5. Get yourself a Tumblr API key by registering an app at .

If you haven't done it before, start by clicking the **Register application** button:

![](register_application.png)

Then fill in the details for your app.
Here's an example of what you could use (but put your own email address!):

![](api_registration.png)

You can leave everything else blank.
Then scroll down and hit the "Register" button.

![](rate_limits.png)

Note: unless you have a _lot_ of posts (20k or more), you shouldn't need to ask for a rate limit removal.
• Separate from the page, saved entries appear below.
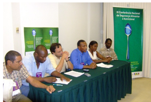
Lanzamiento de la REDSAN-PALOP en Fortaleza en 2007.

La REDSAN-PALOP se inició formalmente durante la III Conferencia Nacional de la SAN, celebrada en Fortaleza (Brasil) en junio de 2007. En el momento de su creación se definieron un conjunto de prioridades que dictaron su estrategia de intervención en los años siguientes: i) fortalecer las acciones de intercambio y el intercambio de experiencias entre los diferentes PALOP aumentando el nivel de información y conocimiento sobre el tema de la seguridad alimentaria y nutricional, la soberanía alimentaria y el derecho humano a la alimentación; ii) Conciliar esfuerzos a nivel de cada país y entre otros varios países para articular las organizaciones interesadas en trabajar conjuntamente estos temas a través de un trabajo en red; iii) Realizar incidencia y defensa política conjunta y de forma solidaria en sus respectivos territorios nacionales dando máxima prioridad a las políticas de combate al hambre y promover la seguridad alimentaria y nutricional que incorporan los principios de soberanía alimentaria y el Derecho Humano a la Alimentación; iv) Conciliar acciones a nivel regional e internacional, con especial atención a la CPLP, los Organismos de las Naciones Unidas, Unión Europea, FAO, entre otros, tratando de influir en sus programas y políticas desde el punto de vista del enfoque conjunto del espacio de habla portuguesa.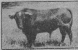
N.º 28: BELENITO, negro lucero, bragado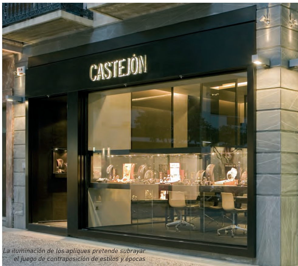
La iluminación de los apliques pretende subrayar el juego de contraposición de estilos y épocas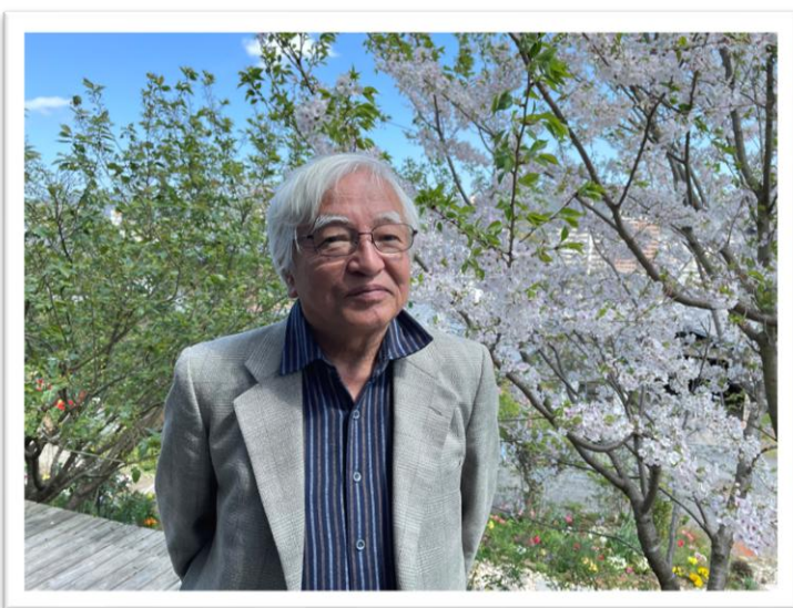
日本アジア国際教育センター

日本アジア国際教育センターは、単に日本語を学ぶためだけの学校ではなく、日本で生活していくために必要な社会・生活習慣や人間関係、マナー等を、豊かで美しい宗像の自然の中で身につけてもらう場です。そのため、代表のあいさつにもあるように、行政や地域コミュニティ、地元の学校や各種団体との積極的な交流を実施しています。そこでの経験を踏まえて、留学生の皆さんが日本への理解を深め、母国と日本の架け橋となり、また国際社会の平和に貢献できる人材となっただきたいと思っています。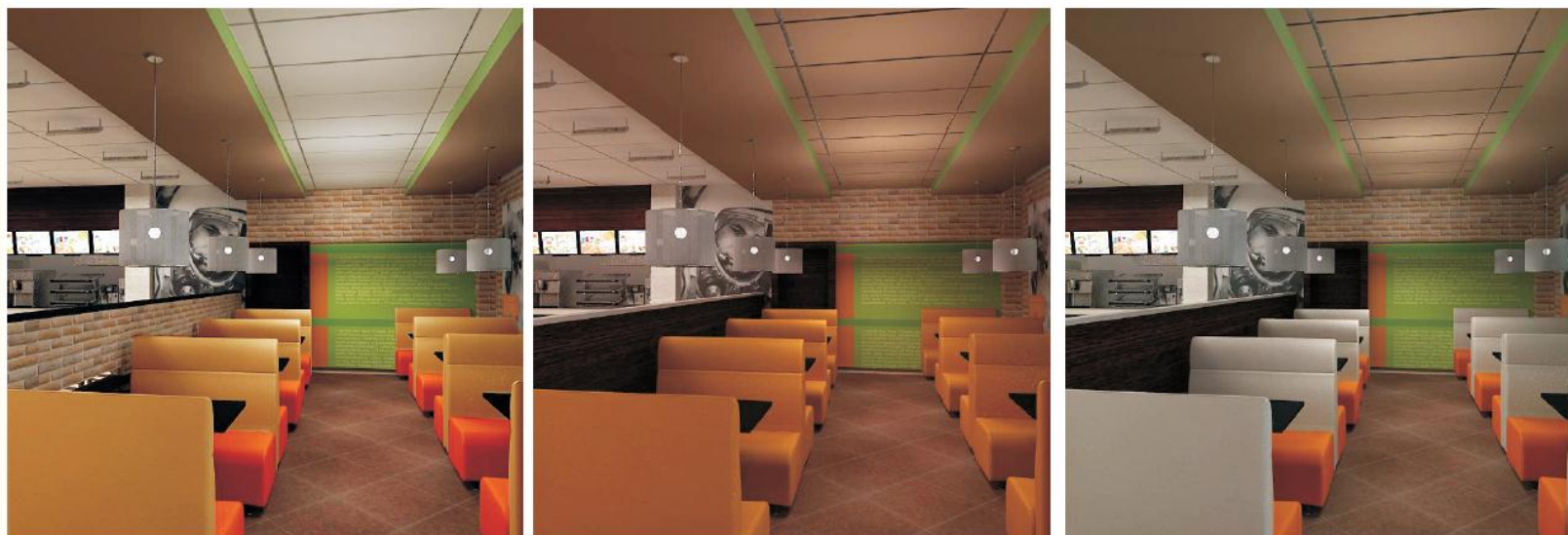
Варианты цветового решения диванов и подвесного потолка

Once you've registered, you'll have a new entry in the list of applications.
You need the **OAuth Consumer Key**:

![](tumblr_api_key.png)

6. If you're saving your likes, make your likes public by visiting `https://www.tumblr.com/settings/blog/BLOGNAME`, and turning on the "Share posts you like" setting:

![](likes_public.png)

Otherwise the script can't see them!

## Usage

There are three scripts in this repo:

1. `save_posts_metadata.py` saves metadata about all the posts on your blog.
2. `save_likes_metadata.py` saves metadata about all the posts you've liked.
3. `save_media_files.py` saves all the media (images, videos, etc.) from those posts.

They're split into separate scripts because saving metadata is much faster than media files.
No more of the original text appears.